> Records shown
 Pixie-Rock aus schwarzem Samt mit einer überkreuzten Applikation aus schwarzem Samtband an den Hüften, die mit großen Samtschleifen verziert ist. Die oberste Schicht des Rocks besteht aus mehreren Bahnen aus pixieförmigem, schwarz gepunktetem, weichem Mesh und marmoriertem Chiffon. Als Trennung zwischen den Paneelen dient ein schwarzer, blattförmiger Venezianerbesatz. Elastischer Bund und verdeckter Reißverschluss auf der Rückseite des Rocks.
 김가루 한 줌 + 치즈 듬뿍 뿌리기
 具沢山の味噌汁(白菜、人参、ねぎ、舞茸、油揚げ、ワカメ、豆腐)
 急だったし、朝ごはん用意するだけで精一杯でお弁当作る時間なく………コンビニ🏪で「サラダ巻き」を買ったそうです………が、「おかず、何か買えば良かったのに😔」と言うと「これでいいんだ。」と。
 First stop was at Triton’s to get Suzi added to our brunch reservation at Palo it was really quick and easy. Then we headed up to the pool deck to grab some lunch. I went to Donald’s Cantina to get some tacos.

--

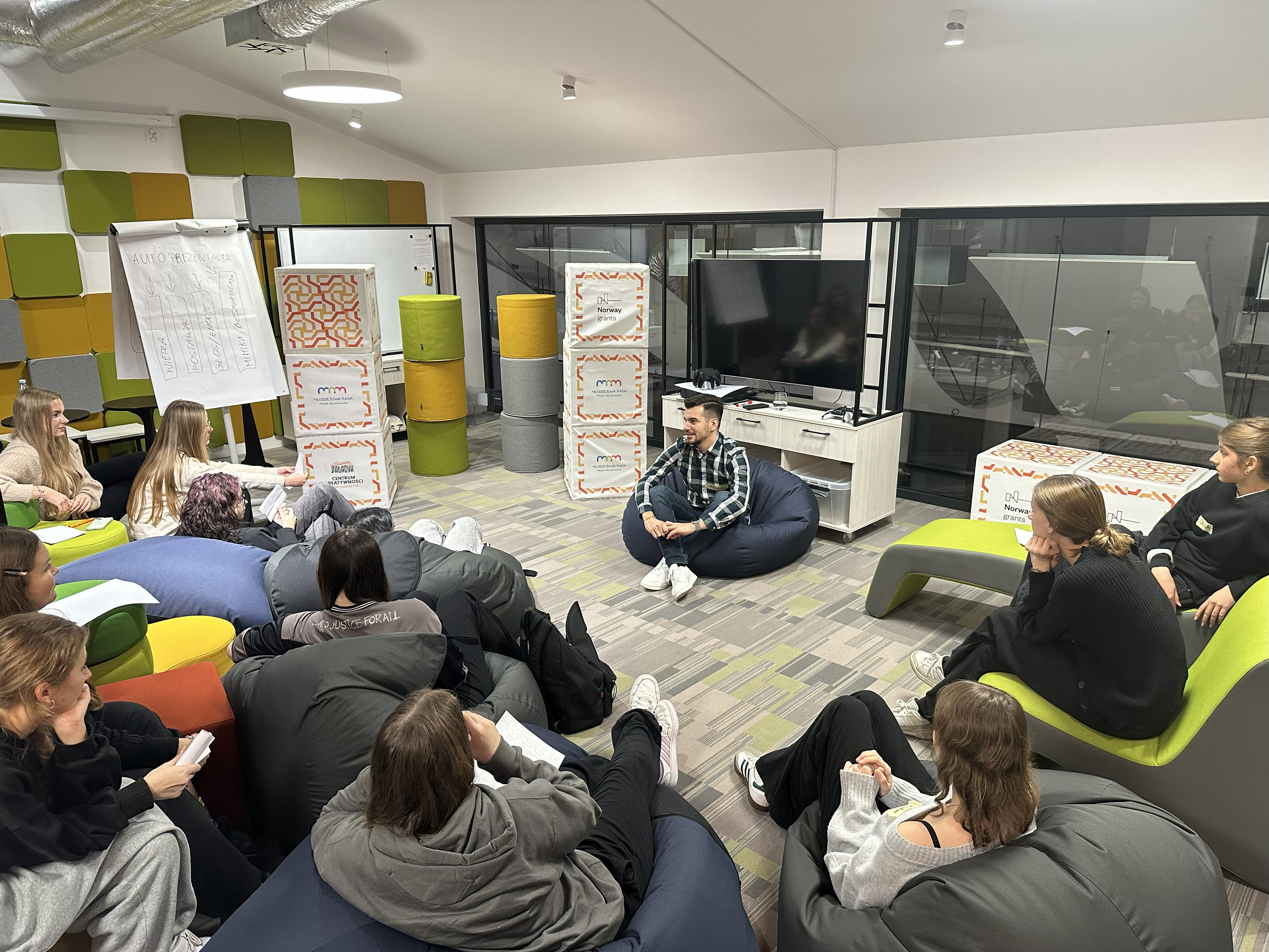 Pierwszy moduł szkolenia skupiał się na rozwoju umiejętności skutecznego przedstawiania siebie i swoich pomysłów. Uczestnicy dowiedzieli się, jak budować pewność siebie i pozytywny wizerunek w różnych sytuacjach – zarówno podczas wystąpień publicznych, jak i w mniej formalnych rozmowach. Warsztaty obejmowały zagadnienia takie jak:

> Required work
Restate word for word the entries above from the line with "김가루 한 줌 + 치즈 듬뿍 뿌리기" through the line with "First stop was", inclusive, leaving out everything else.

> The completed task
 김가루 한 줌 + 치즈 듬뿍 뿌리기
 具沢山の味噌汁(白菜、人参、ねぎ、舞茸、油揚げ、ワカメ、豆腐)
 急だったし、朝ごはん用意するだけで精一杯でお弁当作る時間なく………コンビニ🏪で「サラダ巻き」を買ったそうです………が、「おかず、何か買えば良かったのに😔」と言うと「これでいいんだ。」と。
 First stop was at Triton’s to get Suzi added to our brunch reservation at Palo it was really quick and easy. Then we headed up to the pool deck to grab some lunch. I went to Donald’s Cantina to get some tacos.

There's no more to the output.